▸ Work order: An exact copy of the lines from the top of the data through the line with "Бензиновый мотор 220" is what you should give, with no pictures in it.

▸ Supplied material:
-*-

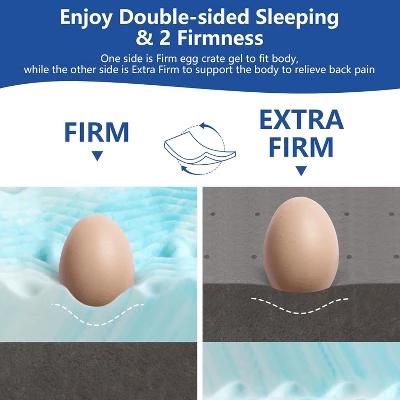 - 1. UPGRADED FIRM MATTRESS TOPPER WITH ICE SILK COVER Designed with a 2-layer cooling system (premier cooling egg crate gel + bamboo support foam), this CertiPUR-certified topper offers reversible firmness (Firm & Extra Firm) for optimal spinal support to target back pain. The odor-free design and anti-slip adjustable elastic straps ensure stability and luxury, making it a perfect family gift.
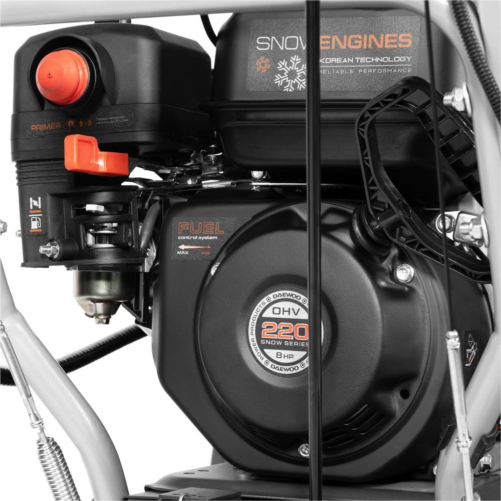 Бензиновый мотор 220 см³ с воздушным охлаждением и ручным стартером уверенно справляется со слежавшимся снегом.
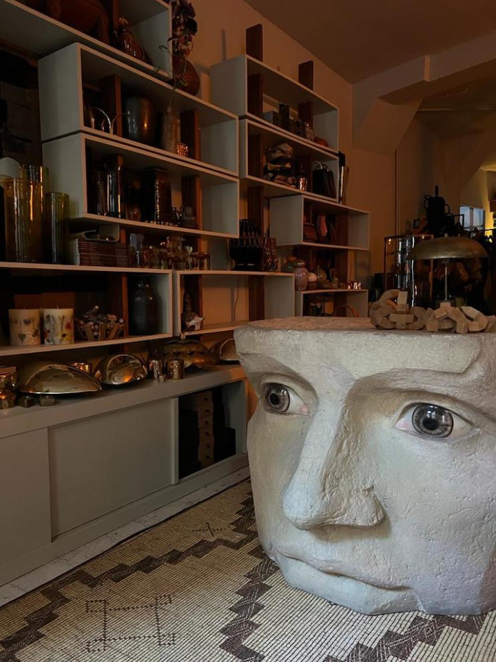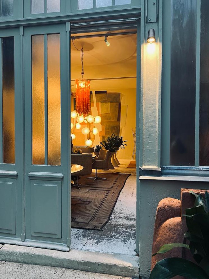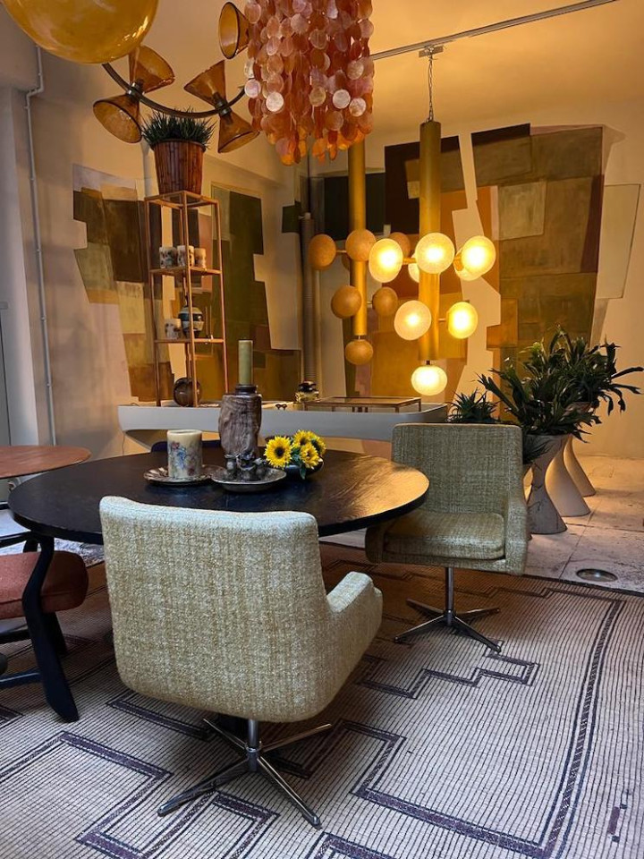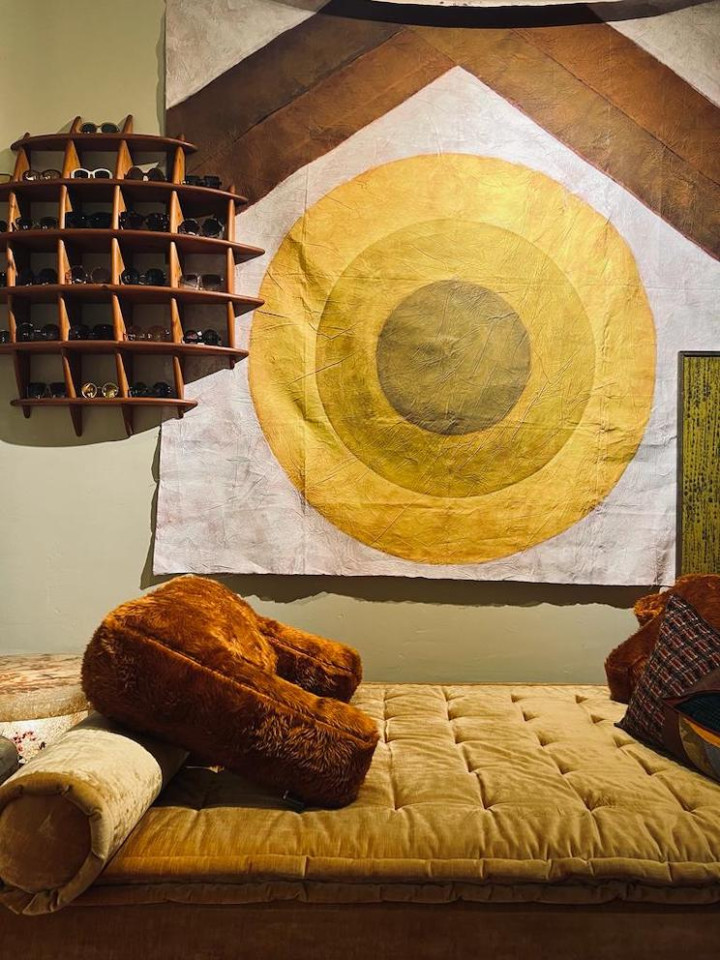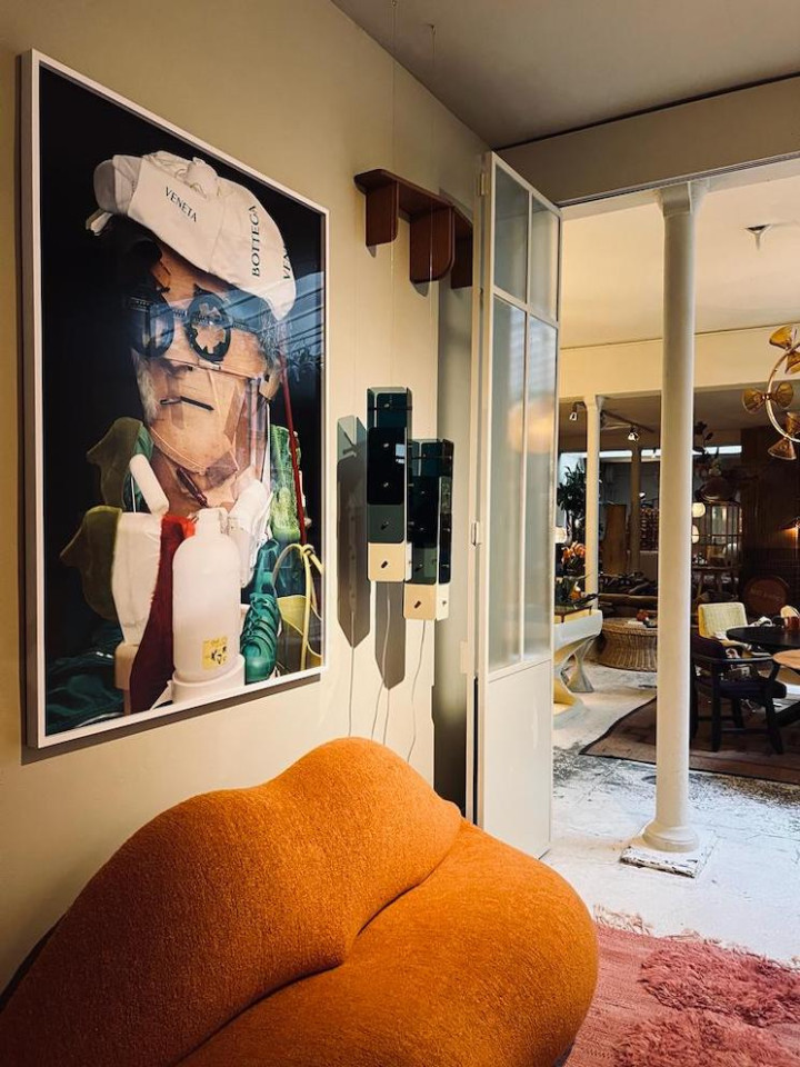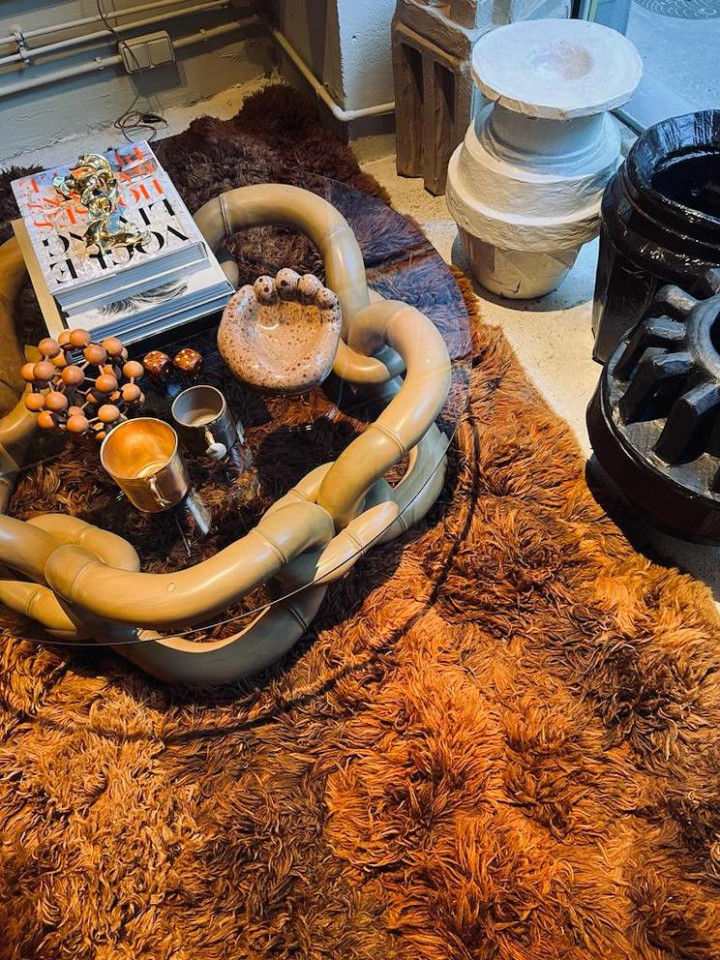 Step into this exquisitely artistic residence where every corner speaks to an eclectic taste and a flair for sophisticated interior decor. The living areas feature plush, golden and red velvet sofas set against a backdrop of unique and decorative wall elements such as intricate tapestries and modern art pieces. Wooden pallet tables, vintage furnishings, and lush houseplants infuse a cozy, yet stylish vibe. Ambient lighting from orange lamps and palm tree lamps complements the rich, velvet textures and the wooden accents to create inviting spaces perfect for relaxation or entertaining guests.

-*-

▸ Answer below:
 - 1. UPGRADED FIRM MATTRESS TOPPER WITH ICE SILK COVER Designed with a 2-layer cooling system (premier cooling egg crate gel + bamboo support foam), this CertiPUR-certified topper offers reversible firmness (Firm & Extra Firm) for optimal spinal support to target back pain. The odor-free design and anti-slip adjustable elastic straps ensure stability and luxury, making it a perfect family gift.
 Бензиновый мотор 220 см³ с воздушным охлаждением и ручным стартером уверенно справляется со слежавшимся снегом.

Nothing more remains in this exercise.